3.3. Foot Perfusion of Patients with T2DM and DFUs Compared to Healthy Controls
Table 2 presents the median resting perfusion values for different foot muscle groups in controls and patients. Resting perfusion ranged from 0.45 to 3.20 mL/min/100 mL in controls, while patients exhibited values from 0.23 to 5.99 mL/min/100 mL in the non-ulcerated foot and 0.50 to 9.51 mL/min/100 mL in the ulcerated foot. Significantly higher median resting perfusion was observed in three muscle groups in the ulcerated foot compared to controls: AH (2.04 vs. 1.06 mL/min/100 mL, p < 0.001), FDB (1.87 vs. 1.28 mL/min/100 mL, p = 0.002) and FHB (2.91 vs. 0.94 mL/min/100 mL, p < 0.001). However, no statistically significant difference was found in ADM (p = 0.05). Table 2 also demonstrates significantly lower toe pressure and TBI in the ulcerated foot of patients compared to controls (toe pressure: 73.2 vs. 110.1 mmHg, p < 0.001; TBI: 0.59 vs. 0.92, p < 0.001), and between the ulcerated and non-ulcerated foot within the T2DM cohort (toe pressure: 73.2 vs. 83.4 mmHg, p = 0.04; TBI: 0.59 vs. 0.67, p = 0.03).
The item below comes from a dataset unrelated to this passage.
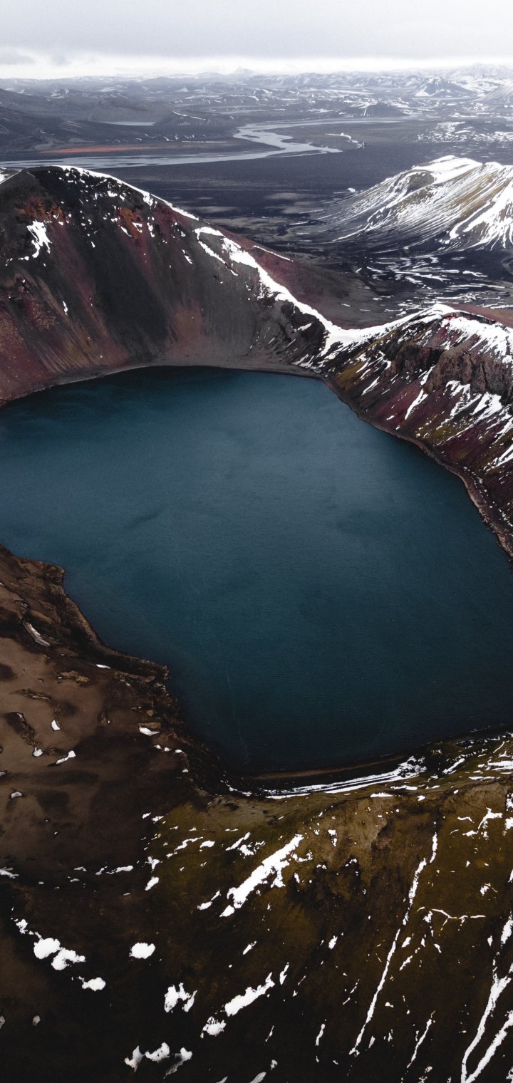 Обои: озеро, снег, горы, снежные горы - 720x1520

As illustrated in Figure 2, global resting perfusion differed significantly between controls and the ulcerated foot of patients (p < 0.005), but not in the non-ulcerated foot (p = 0.22).
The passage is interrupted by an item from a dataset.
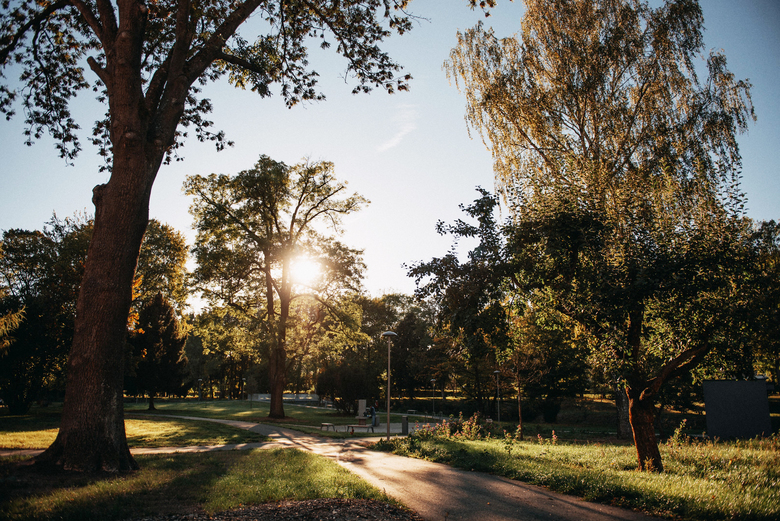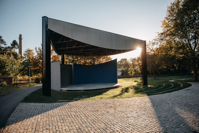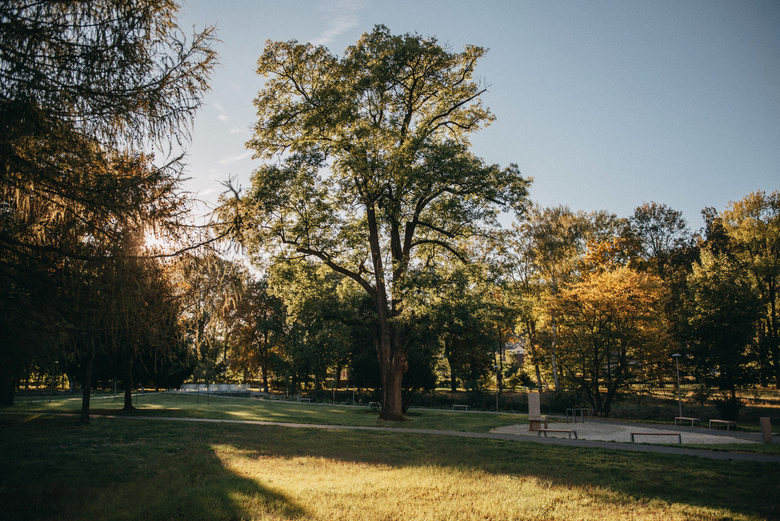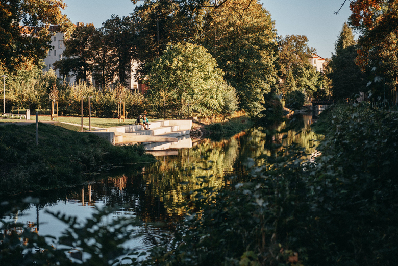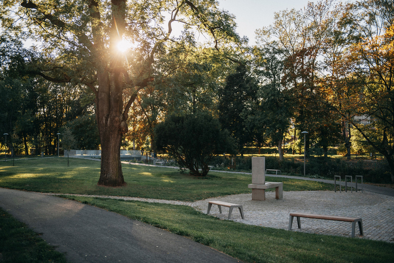 In addition to building interventions in the park's structure, greenery was restored. The original greenery of the park, consisting only of lawn and tall trees, was supplemented by another layer of flowering shrubs and beds of mixed perennial planting. Growing trees are supplemented by new ones with the vision of longer-term growth of trees so that they can replace the current fully grown trees. The plant material was chosen according to the local species representation of the surrounding landscape.

Among the patients, the FHB muscle was the most commonly affected site for DFUs, accounting for 73% of cases. There was a significant difference in FHB perfusion between controls and the muscle closest to the DFU (0.94 vs. 3.02 mL/min/100 mL, p < 0.001), and when compared to the corresponding muscle in the contralateral foot (0.94 vs. 1.31 mL/min/100 mL, p = 0.02) (Figure S1).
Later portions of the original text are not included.